| About this exercise |
Leaving out every image, restate all the records word for word.

| Supplied data |
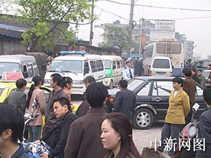 在距事故現(xiàn)場約三公里的地方,各主要交通干道已經(jīng)設(shè)置了路障,不允許車輛進(jìn)入。在離化工廠約兩公里處,醒目的警戒線已經(jīng)攔住了公路,數(shù)十名警察正在幫助附近的居民疏散。
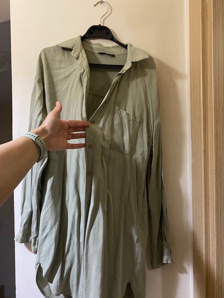Bol kesim, yakalı ve düğmeli khaki keten gömlek. Uzun kollu ve minimalist tasarımıyla günlük sokak stili için uygun.
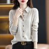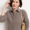 Outono Novo Camisa Tricotada Feminina com Gola Polo Suéter Feminino Solto de Manga Comprida Cardigã de Lã Jaqueta com Lapela
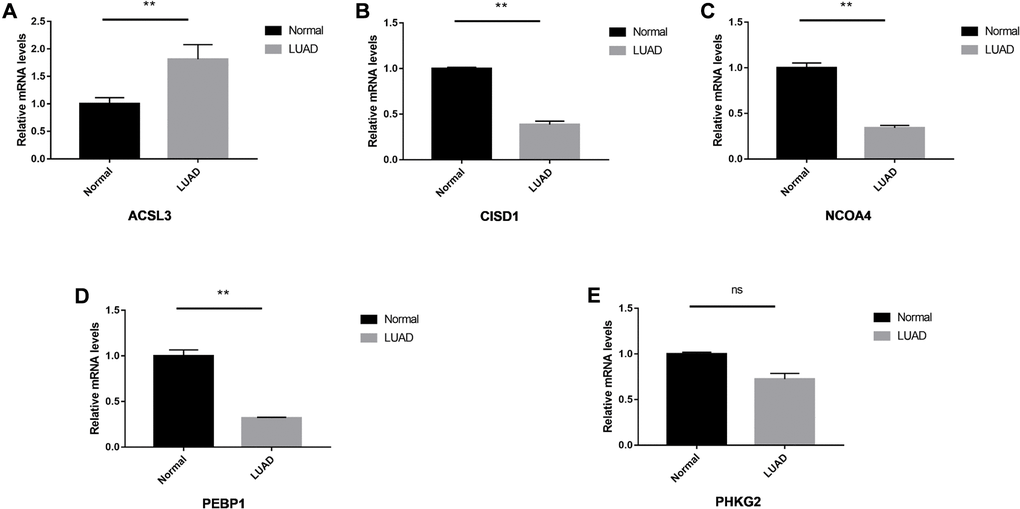 We performed the validation in clinical specimens following the steps described in the Method. We verified the five FRGs (PEBP1, ACSL3, NCOA4, PHKG2, CISD1) which constructed the survival model of LUAD patients. As the PCR results showed ACSL3 was up-regulated and the PEBP1, CISD1 and NCOA4 were significantly down-regulated in the LUAD tissues. There was no statistical significance in the expression of PHKG2 between the normal and LUAD specimens. The details of the five genes were visualized in Figure 7A–7E.
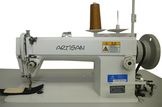 The Artisan GC-202 Denim Stitching Machine is an “M” size, Big Bobbin Sewing Machine designed for stitching from light to medium heavy weight Leather or Canvas such as belts, chaps wallets, checkbook covers, jackets, vests, pants, skirts, and much more. The Artisan GC-202 Denim Stitching Machine is an economy Upholstery and Light Leather Stitcher. The machine will sew thread from size z-46 up to z-138. And from paper thin up to 3⁄8” thick. Each GC-202 machine includes a fully automatic lubrication system with a large dial operated, stitch length regulator, and features a large lever-operated reverse stitching handle.
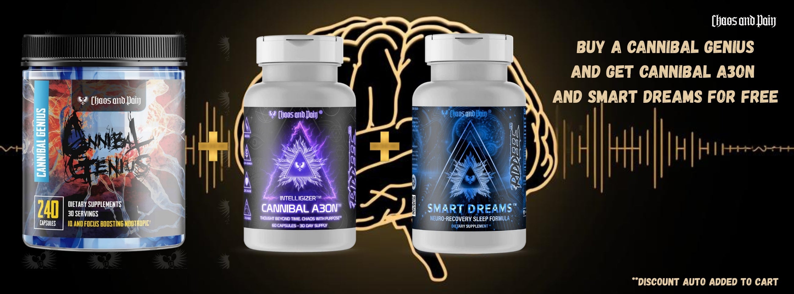 Buy our best-selling Cannibal Genius and Get a FREE Cannibal A3ON AND a FREE Smart Dreams...This is an unbelievable Nootropics Bundle. Simply add Cannibal Genius to cart and let the magic happen.
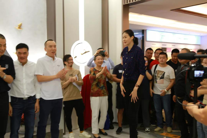 稍后,兩位南鴻特邀嘉賓——世界冠軍趙蕊蕊與吳鵬正式在展廳亮相,大家都因親眼見到他們而激動不已。
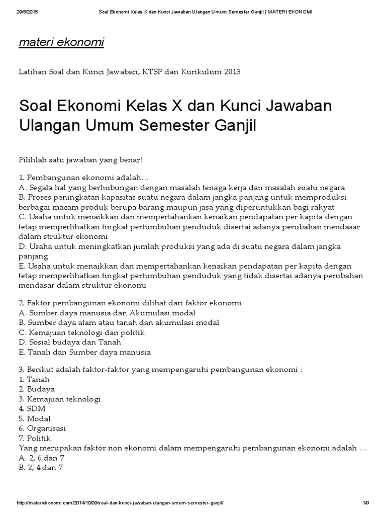 Soal Ekonomi Kelas X Dan Kunci Jawaban Ulangan Umum Semester Ganjil Materi Ekonomi from imgv2-1-f.scribdassets.com Soal ulangan ekonomi bab 1kelas x kode soal b. Materi ilmu ekonomi,,, ekonomi dalam bahasa yunani adalah oikos dan nomos dan dapat diartikan sebagai tindakan manusia dengan hubungan dengan produksi dalam penjualan dan konsumsi. Berbagai permasalahan ekonomi, seperti mengapa suatu barang diproduksi atau apakah barang yang diproduksi adalah barang yang pangan.
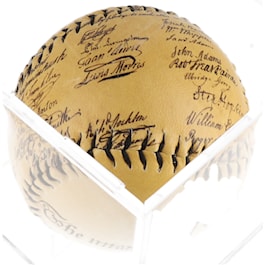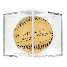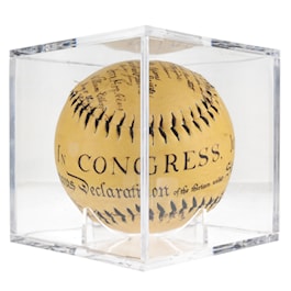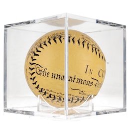 This baseball is embossed with the opening lines of the United States Declaration of Independence on one side and the signatures of the signers on the other.
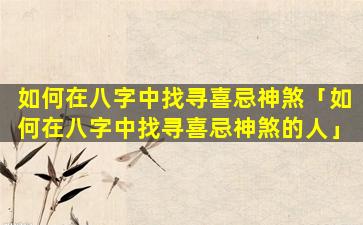 在八字中寻找喜忌 🦆 神煞的人的方法:
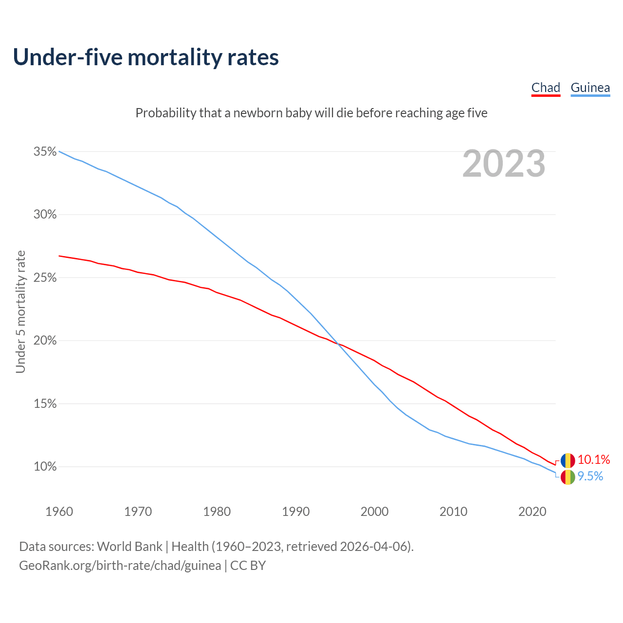 The chance that a newborn baby will die before reaching age five is 10.1% in Chad and 9.5% in Guinea. Above is a chart with historical data on under-five mortality rates.
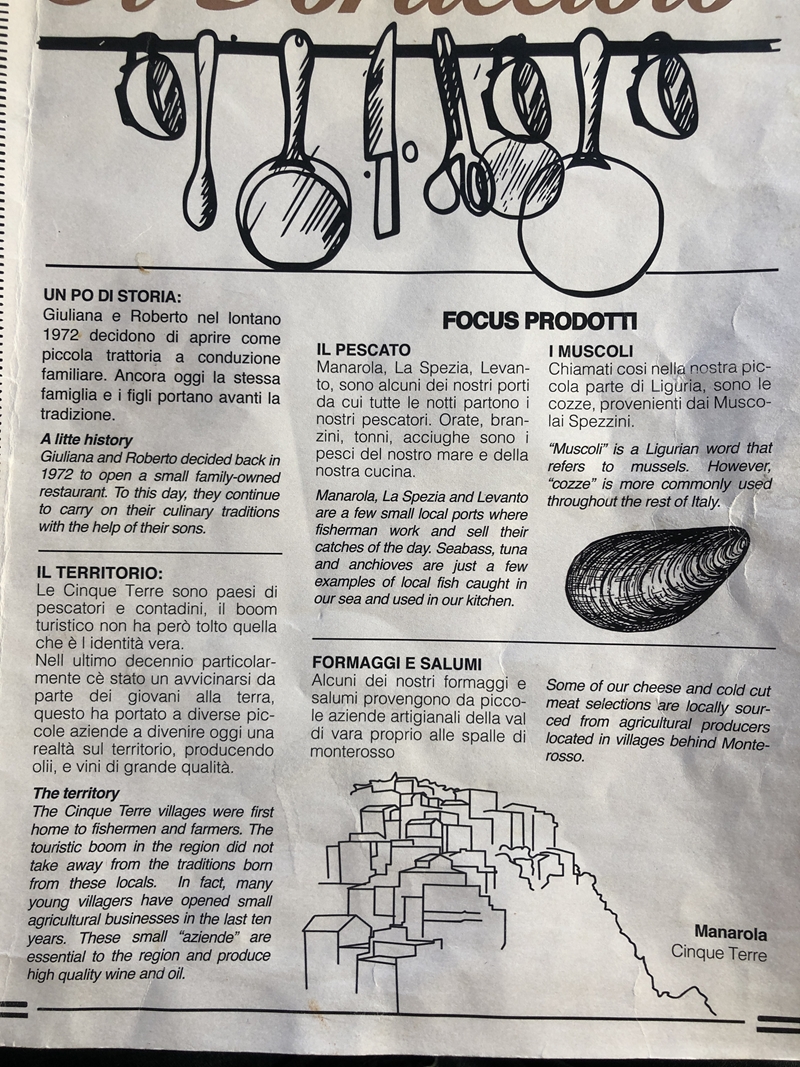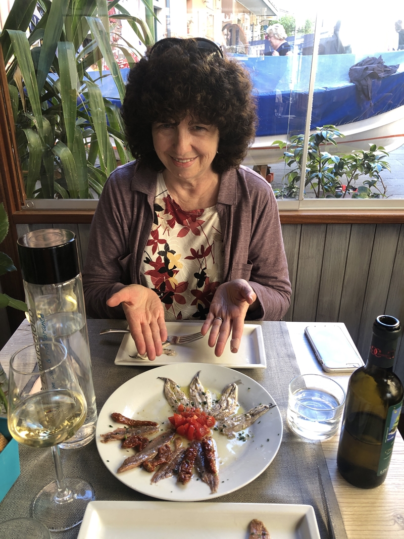 We had seen a Rick Steve's video recommending anchovies in the Cinque Terre. I found them to be ok, not a taste I was used to. I could see getting to really like them after a while. Five were cooked in olive oil and the other 5 were salted.
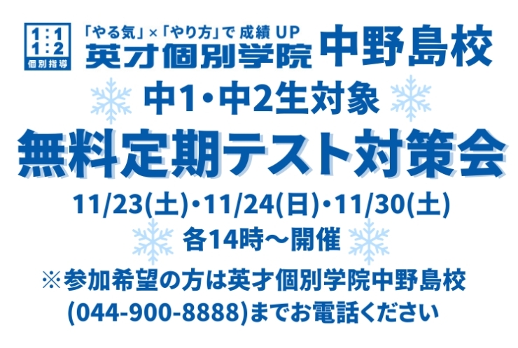 現在英才個別学院中野島校では前期期末試験に向け、定期テスト対策会を実施中です!
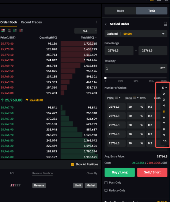 例如,BTCUSDT 的最小和最大订单规模分别为 0.001 BTC 和 100 BTC。因此,分段订单的最小和最大数量则分别为 0.01 BTC 和 1000 BTC。
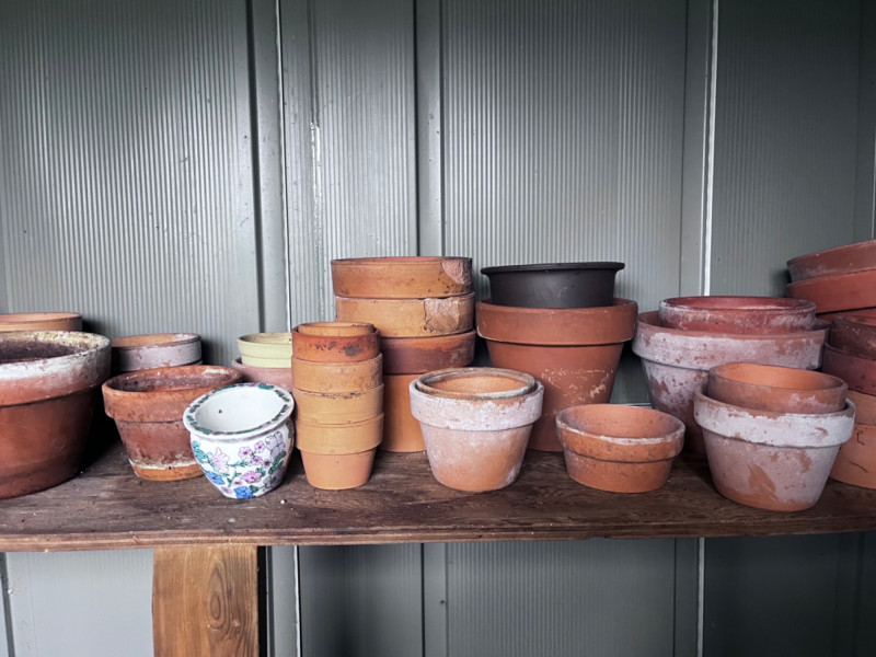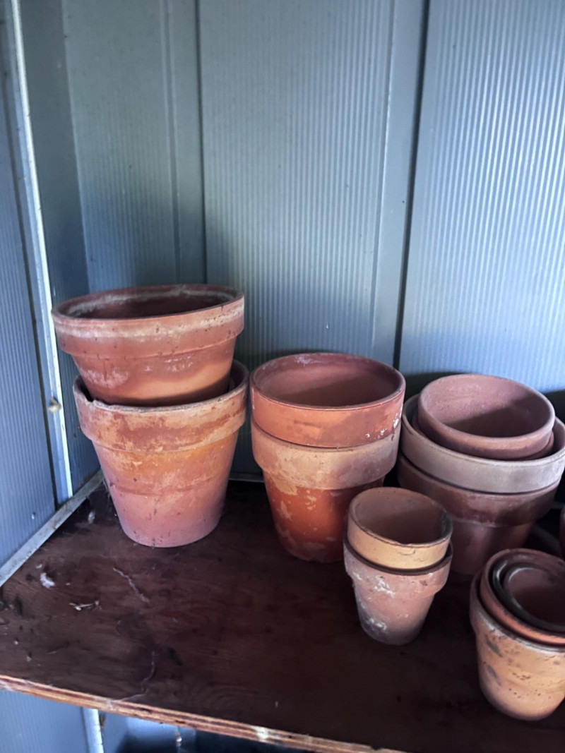 (58) Various Size Clay & (3) Ceramic Pots Largest ceramic pot: 8.5”x7.5” Smallest ceramic pot: 4”x3 1/4” Largest clay pot: 16.5”x12” Smallest clay pot: 2 1/4”x 2 1/4”

| Reply |
 在距事故現(xiàn)場約三公里的地方,各主要交通干道已經(jīng)設(shè)置了路障,不允許車輛進(jìn)入。在離化工廠約兩公里處,醒目的警戒線已經(jīng)攔住了公路,數(shù)十名警察正在幫助附近的居民疏散。
Bol kesim, yakalı ve düğmeli khaki keten gömlek. Uzun kollu ve minimalist tasarımıyla günlük sokak stili için uygun.
 Outono Novo Camisa Tricotada Feminina com Gola Polo Suéter Feminino Solto de Manga Comprida Cardigã de Lã Jaqueta com Lapela
 We performed the validation in clinical specimens following the steps described in the Method. We verified the five FRGs (PEBP1, ACSL3, NCOA4, PHKG2, CISD1) which constructed the survival model of LUAD patients. As the PCR results showed ACSL3 was up-regulated and the PEBP1, CISD1 and NCOA4 were significantly down-regulated in the LUAD tissues. There was no statistical significance in the expression of PHKG2 between the normal and LUAD specimens. The details of the five genes were visualized in Figure 7A–7E.
 The Artisan GC-202 Denim Stitching Machine is an “M” size, Big Bobbin Sewing Machine designed for stitching from light to medium heavy weight Leather or Canvas such as belts, chaps wallets, checkbook covers, jackets, vests, pants, skirts, and much more. The Artisan GC-202 Denim Stitching Machine is an economy Upholstery and Light Leather Stitcher. The machine will sew thread from size z-46 up to z-138. And from paper thin up to 3⁄8” thick. Each GC-202 machine includes a fully automatic lubrication system with a large dial operated, stitch length regulator, and features a large lever-operated reverse stitching handle.
 Buy our best-selling Cannibal Genius and Get a FREE Cannibal A3ON AND a FREE Smart Dreams...This is an unbelievable Nootropics Bundle. Simply add Cannibal Genius to cart and let the magic happen.
 稍后,兩位南鴻特邀嘉賓——世界冠軍趙蕊蕊與吳鵬正式在展廳亮相,大家都因親眼見到他們而激動不已。
 Soal Ekonomi Kelas X Dan Kunci Jawaban Ulangan Umum Semester Ganjil Materi Ekonomi from imgv2-1-f.scribdassets.com Soal ulangan ekonomi bab 1kelas x kode soal b. Materi ilmu ekonomi,,, ekonomi dalam bahasa yunani adalah oikos dan nomos dan dapat diartikan sebagai tindakan manusia dengan hubungan dengan produksi dalam penjualan dan konsumsi. Berbagai permasalahan ekonomi, seperti mengapa suatu barang diproduksi atau apakah barang yang diproduksi adalah barang yang pangan.
 This baseball is embossed with the opening lines of the United States Declaration of Independence on one side and the signatures of the signers on the other.
 在八字中寻找喜忌 🦆 神煞的人的方法:
 The chance that a newborn baby will die before reaching age five is 10.1% in Chad and 9.5% in Guinea. Above is a chart with historical data on under-five mortality rates.
 We had seen a Rick Steve's video recommending anchovies in the Cinque Terre. I found them to be ok, not a taste I was used to. I could see getting to really like them after a while. Five were cooked in olive oil and the other 5 were salted.
 現在英才個別学院中野島校では前期期末試験に向け、定期テスト対策会を実施中です!
 例如,BTCUSDT 的最小和最大订单规模分别为 0.001 BTC 和 100 BTC。因此,分段订单的最小和最大数量则分别为 0.01 BTC 和 1000 BTC。
 (58) Various Size Clay & (3) Ceramic Pots Largest ceramic pot: 8.5”x7.5” Smallest ceramic pot: 4”x3 1/4” Largest clay pot: 16.5”x12” Smallest clay pot: 2 1/4”x 2 1/4”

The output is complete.